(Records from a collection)
****************
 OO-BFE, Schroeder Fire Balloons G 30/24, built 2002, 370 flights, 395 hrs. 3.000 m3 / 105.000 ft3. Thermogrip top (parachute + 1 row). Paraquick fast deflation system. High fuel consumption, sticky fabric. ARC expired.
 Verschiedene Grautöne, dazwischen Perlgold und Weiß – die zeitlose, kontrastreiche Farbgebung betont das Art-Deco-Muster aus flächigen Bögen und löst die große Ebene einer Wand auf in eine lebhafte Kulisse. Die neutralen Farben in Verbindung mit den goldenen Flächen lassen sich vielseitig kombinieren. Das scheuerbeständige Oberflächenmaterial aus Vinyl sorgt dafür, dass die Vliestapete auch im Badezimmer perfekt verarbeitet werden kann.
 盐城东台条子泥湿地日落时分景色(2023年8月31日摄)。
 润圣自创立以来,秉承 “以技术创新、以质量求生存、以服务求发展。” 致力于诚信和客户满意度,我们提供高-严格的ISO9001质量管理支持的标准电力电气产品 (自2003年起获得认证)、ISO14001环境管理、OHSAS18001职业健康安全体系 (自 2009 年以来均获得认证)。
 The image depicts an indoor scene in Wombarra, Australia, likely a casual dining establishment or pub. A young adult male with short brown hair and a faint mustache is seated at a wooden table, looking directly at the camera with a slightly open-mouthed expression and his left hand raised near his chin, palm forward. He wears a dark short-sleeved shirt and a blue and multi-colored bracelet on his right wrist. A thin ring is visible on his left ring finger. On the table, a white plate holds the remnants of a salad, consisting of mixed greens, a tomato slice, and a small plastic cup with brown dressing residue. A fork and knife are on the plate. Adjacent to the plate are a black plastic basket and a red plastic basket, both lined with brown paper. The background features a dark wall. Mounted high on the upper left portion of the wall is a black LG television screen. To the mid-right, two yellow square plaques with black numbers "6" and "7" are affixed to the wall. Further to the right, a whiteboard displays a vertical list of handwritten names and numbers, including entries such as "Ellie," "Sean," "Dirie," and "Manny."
****************
■ Problem to solve ■
Every entry should be printed again exactly as it stands.

■ Completed task ■
 OO-BFE, Schroeder Fire Balloons G 30/24, built 2002, 370 flights, 395 hrs. 3.000 m3 / 105.000 ft3. Thermogrip top (parachute + 1 row). Paraquick fast deflation system. High fuel consumption, sticky fabric. ARC expired.
 Verschiedene Grautöne, dazwischen Perlgold und Weiß – die zeitlose, kontrastreiche Farbgebung betont das Art-Deco-Muster aus flächigen Bögen und löst die große Ebene einer Wand auf in eine lebhafte Kulisse. Die neutralen Farben in Verbindung mit den goldenen Flächen lassen sich vielseitig kombinieren. Das scheuerbeständige Oberflächenmaterial aus Vinyl sorgt dafür, dass die Vliestapete auch im Badezimmer perfekt verarbeitet werden kann.
 盐城东台条子泥湿地日落时分景色(2023年8月31日摄)。
 润圣自创立以来,秉承 “以技术创新、以质量求生存、以服务求发展。” 致力于诚信和客户满意度,我们提供高-严格的ISO9001质量管理支持的标准电力电气产品 (自2003年起获得认证)、ISO14001环境管理、OHSAS18001职业健康安全体系 (自 2009 年以来均获得认证)。
 The image depicts an indoor scene in Wombarra, Australia, likely a casual dining establishment or pub. A young adult male with short brown hair and a faint mustache is seated at a wooden table, looking directly at the camera with a slightly open-mouthed expression and his left hand raised near his chin, palm forward. He wears a dark short-sleeved shirt and a blue and multi-colored bracelet on his right wrist. A thin ring is visible on his left ring finger. On the table, a white plate holds the remnants of a salad, consisting of mixed greens, a tomato slice, and a small plastic cup with brown dressing residue. A fork and knife are on the plate. Adjacent to the plate are a black plastic basket and a red plastic basket, both lined with brown paper. The background features a dark wall. Mounted high on the upper left portion of the wall is a black LG television screen. To the mid-right, two yellow square plaques with black numbers "6" and "7" are affixed to the wall. Further to the right, a whiteboard displays a vertical list of handwritten names and numbers, including entries such as "Ellie," "Sean," "Dirie," and "Manny."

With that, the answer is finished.